■ Records for the exercise ■
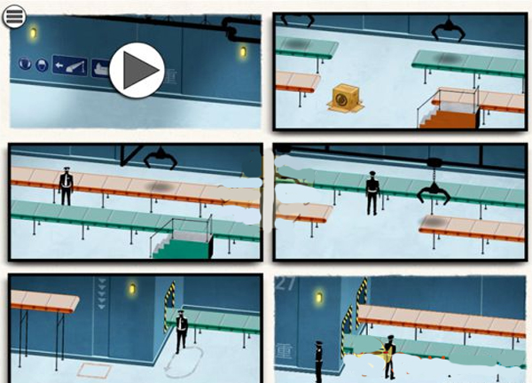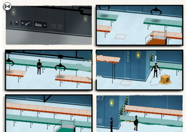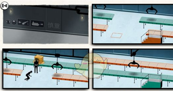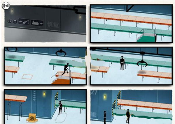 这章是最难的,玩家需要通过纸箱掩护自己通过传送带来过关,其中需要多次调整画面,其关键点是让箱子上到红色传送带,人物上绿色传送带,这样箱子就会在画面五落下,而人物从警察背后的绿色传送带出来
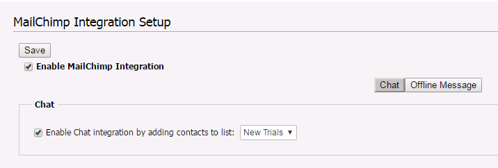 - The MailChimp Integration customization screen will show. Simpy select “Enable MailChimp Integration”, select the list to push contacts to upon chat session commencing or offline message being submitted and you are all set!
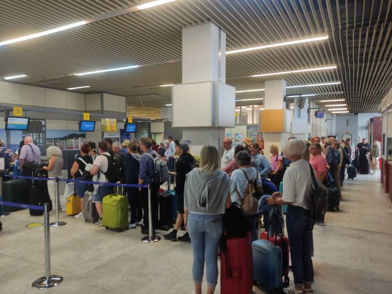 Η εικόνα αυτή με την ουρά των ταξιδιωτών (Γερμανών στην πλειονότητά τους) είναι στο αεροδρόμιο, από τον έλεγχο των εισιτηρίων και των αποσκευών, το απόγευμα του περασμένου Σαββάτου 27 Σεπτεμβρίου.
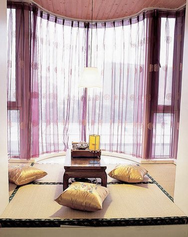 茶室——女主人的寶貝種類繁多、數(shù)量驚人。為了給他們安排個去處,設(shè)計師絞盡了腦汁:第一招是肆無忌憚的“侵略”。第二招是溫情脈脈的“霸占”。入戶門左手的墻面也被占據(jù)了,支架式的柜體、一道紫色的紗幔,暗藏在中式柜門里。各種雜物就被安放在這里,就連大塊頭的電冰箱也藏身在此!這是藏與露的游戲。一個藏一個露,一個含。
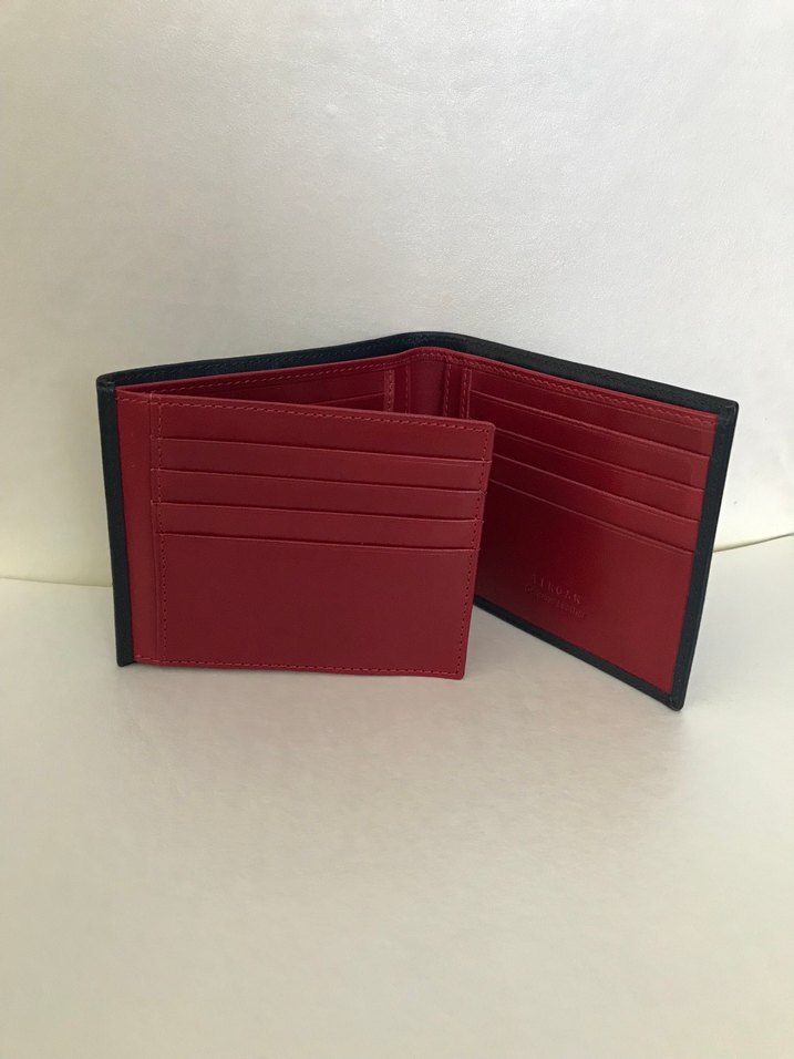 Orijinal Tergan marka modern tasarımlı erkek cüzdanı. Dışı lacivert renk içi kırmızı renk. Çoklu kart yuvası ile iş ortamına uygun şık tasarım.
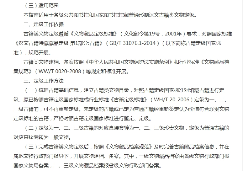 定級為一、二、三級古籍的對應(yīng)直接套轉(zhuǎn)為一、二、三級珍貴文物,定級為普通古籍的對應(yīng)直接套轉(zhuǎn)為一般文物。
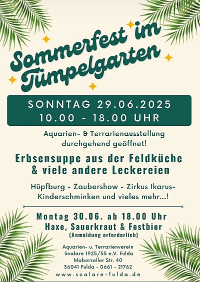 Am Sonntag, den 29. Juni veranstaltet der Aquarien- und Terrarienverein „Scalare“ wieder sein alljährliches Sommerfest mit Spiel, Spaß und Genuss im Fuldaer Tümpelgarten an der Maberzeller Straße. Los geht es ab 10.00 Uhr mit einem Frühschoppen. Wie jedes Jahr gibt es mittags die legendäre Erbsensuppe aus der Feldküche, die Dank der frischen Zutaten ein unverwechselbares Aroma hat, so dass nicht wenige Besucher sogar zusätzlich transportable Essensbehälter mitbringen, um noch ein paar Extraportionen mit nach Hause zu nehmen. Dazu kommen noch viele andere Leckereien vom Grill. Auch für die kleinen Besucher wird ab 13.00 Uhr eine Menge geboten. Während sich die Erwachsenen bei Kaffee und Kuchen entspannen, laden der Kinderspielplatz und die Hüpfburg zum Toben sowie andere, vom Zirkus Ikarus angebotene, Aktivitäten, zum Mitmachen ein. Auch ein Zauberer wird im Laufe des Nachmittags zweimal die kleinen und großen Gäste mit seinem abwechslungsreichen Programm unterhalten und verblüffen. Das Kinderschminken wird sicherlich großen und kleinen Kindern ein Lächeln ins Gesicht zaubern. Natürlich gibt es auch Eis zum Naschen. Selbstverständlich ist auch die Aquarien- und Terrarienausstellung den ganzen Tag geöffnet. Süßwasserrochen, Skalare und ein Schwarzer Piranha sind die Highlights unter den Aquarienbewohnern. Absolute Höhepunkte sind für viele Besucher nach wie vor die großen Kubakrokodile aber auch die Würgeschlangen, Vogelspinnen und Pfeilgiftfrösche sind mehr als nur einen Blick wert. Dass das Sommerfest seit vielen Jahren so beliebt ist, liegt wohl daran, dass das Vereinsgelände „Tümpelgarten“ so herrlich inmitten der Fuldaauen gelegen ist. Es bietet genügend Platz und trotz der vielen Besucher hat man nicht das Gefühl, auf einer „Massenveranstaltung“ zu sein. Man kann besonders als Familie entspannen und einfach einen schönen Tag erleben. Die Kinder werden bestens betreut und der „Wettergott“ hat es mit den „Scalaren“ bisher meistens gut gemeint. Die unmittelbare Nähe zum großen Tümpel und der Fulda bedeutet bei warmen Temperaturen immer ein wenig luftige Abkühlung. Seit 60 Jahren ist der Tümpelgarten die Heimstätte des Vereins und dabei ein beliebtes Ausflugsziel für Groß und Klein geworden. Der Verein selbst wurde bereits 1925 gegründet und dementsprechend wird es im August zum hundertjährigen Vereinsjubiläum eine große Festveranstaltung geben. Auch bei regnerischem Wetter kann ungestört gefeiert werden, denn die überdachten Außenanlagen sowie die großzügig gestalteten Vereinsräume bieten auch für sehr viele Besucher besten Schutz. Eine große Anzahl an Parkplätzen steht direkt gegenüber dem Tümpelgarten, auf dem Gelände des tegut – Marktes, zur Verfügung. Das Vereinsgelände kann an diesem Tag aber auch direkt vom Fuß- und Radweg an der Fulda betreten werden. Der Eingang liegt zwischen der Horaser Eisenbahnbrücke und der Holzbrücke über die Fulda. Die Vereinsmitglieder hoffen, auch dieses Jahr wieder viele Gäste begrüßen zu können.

■ Task to complete ■
Only an exact copy of the records, free of images, belongs in the answer.

■ Task response ■
 这章是最难的,玩家需要通过纸箱掩护自己通过传送带来过关,其中需要多次调整画面,其关键点是让箱子上到红色传送带,人物上绿色传送带,这样箱子就会在画面五落下,而人物从警察背后的绿色传送带出来
 - The MailChimp Integration customization screen will show. Simpy select “Enable MailChimp Integration”, select the list to push contacts to upon chat session commencing or offline message being submitted and you are all set!
 Η εικόνα αυτή με την ουρά των ταξιδιωτών (Γερμανών στην πλειονότητά τους) είναι στο αεροδρόμιο, από τον έλεγχο των εισιτηρίων και των αποσκευών, το απόγευμα του περασμένου Σαββάτου 27 Σεπτεμβρίου.
 茶室——女主人的寶貝種類繁多、數(shù)量驚人。為了給他們安排個去處,設(shè)計師絞盡了腦汁:第一招是肆無忌憚的“侵略”。第二招是溫情脈脈的“霸占”。入戶門左手的墻面也被占據(jù)了,支架式的柜體、一道紫色的紗幔,暗藏在中式柜門里。各種雜物就被安放在這里,就連大塊頭的電冰箱也藏身在此!這是藏與露的游戲。一個藏一個露,一個含。
 Orijinal Tergan marka modern tasarımlı erkek cüzdanı. Dışı lacivert renk içi kırmızı renk. Çoklu kart yuvası ile iş ortamına uygun şık tasarım.
 定級為一、二、三級古籍的對應(yīng)直接套轉(zhuǎn)為一、二、三級珍貴文物,定級為普通古籍的對應(yīng)直接套轉(zhuǎn)為一般文物。
 Am Sonntag, den 29. Juni veranstaltet der Aquarien- und Terrarienverein „Scalare“ wieder sein alljährliches Sommerfest mit Spiel, Spaß und Genuss im Fuldaer Tümpelgarten an der Maberzeller Straße. Los geht es ab 10.00 Uhr mit einem Frühschoppen. Wie jedes Jahr gibt es mittags die legendäre Erbsensuppe aus der Feldküche, die Dank der frischen Zutaten ein unverwechselbares Aroma hat, so dass nicht wenige Besucher sogar zusätzlich transportable Essensbehälter mitbringen, um noch ein paar Extraportionen mit nach Hause zu nehmen. Dazu kommen noch viele andere Leckereien vom Grill. Auch für die kleinen Besucher wird ab 13.00 Uhr eine Menge geboten. Während sich die Erwachsenen bei Kaffee und Kuchen entspannen, laden der Kinderspielplatz und die Hüpfburg zum Toben sowie andere, vom Zirkus Ikarus angebotene, Aktivitäten, zum Mitmachen ein. Auch ein Zauberer wird im Laufe des Nachmittags zweimal die kleinen und großen Gäste mit seinem abwechslungsreichen Programm unterhalten und verblüffen. Das Kinderschminken wird sicherlich großen und kleinen Kindern ein Lächeln ins Gesicht zaubern. Natürlich gibt es auch Eis zum Naschen. Selbstverständlich ist auch die Aquarien- und Terrarienausstellung den ganzen Tag geöffnet. Süßwasserrochen, Skalare und ein Schwarzer Piranha sind die Highlights unter den Aquarienbewohnern. Absolute Höhepunkte sind für viele Besucher nach wie vor die großen Kubakrokodile aber auch die Würgeschlangen, Vogelspinnen und Pfeilgiftfrösche sind mehr als nur einen Blick wert. Dass das Sommerfest seit vielen Jahren so beliebt ist, liegt wohl daran, dass das Vereinsgelände „Tümpelgarten“ so herrlich inmitten der Fuldaauen gelegen ist. Es bietet genügend Platz und trotz der vielen Besucher hat man nicht das Gefühl, auf einer „Massenveranstaltung“ zu sein. Man kann besonders als Familie entspannen und einfach einen schönen Tag erleben. Die Kinder werden bestens betreut und der „Wettergott“ hat es mit den „Scalaren“ bisher meistens gut gemeint. Die unmittelbare Nähe zum großen Tümpel und der Fulda bedeutet bei warmen Temperaturen immer ein wenig luftige Abkühlung. Seit 60 Jahren ist der Tümpelgarten die Heimstätte des Vereins und dabei ein beliebtes Ausflugsziel für Groß und Klein geworden. Der Verein selbst wurde bereits 1925 gegründet und dementsprechend wird es im August zum hundertjährigen Vereinsjubiläum eine große Festveranstaltung geben. Auch bei regnerischem Wetter kann ungestört gefeiert werden, denn die überdachten Außenanlagen sowie die großzügig gestalteten Vereinsräume bieten auch für sehr viele Besucher besten Schutz. Eine große Anzahl an Parkplätzen steht direkt gegenüber dem Tümpelgarten, auf dem Gelände des tegut – Marktes, zur Verfügung. Das Vereinsgelände kann an diesem Tag aber auch direkt vom Fuß- und Radweg an der Fulda betreten werden. Der Eingang liegt zwischen der Horaser Eisenbahnbrücke und der Holzbrücke über die Fulda. Die Vereinsmitglieder hoffen, auch dieses Jahr wieder viele Gäste begrüßen zu können.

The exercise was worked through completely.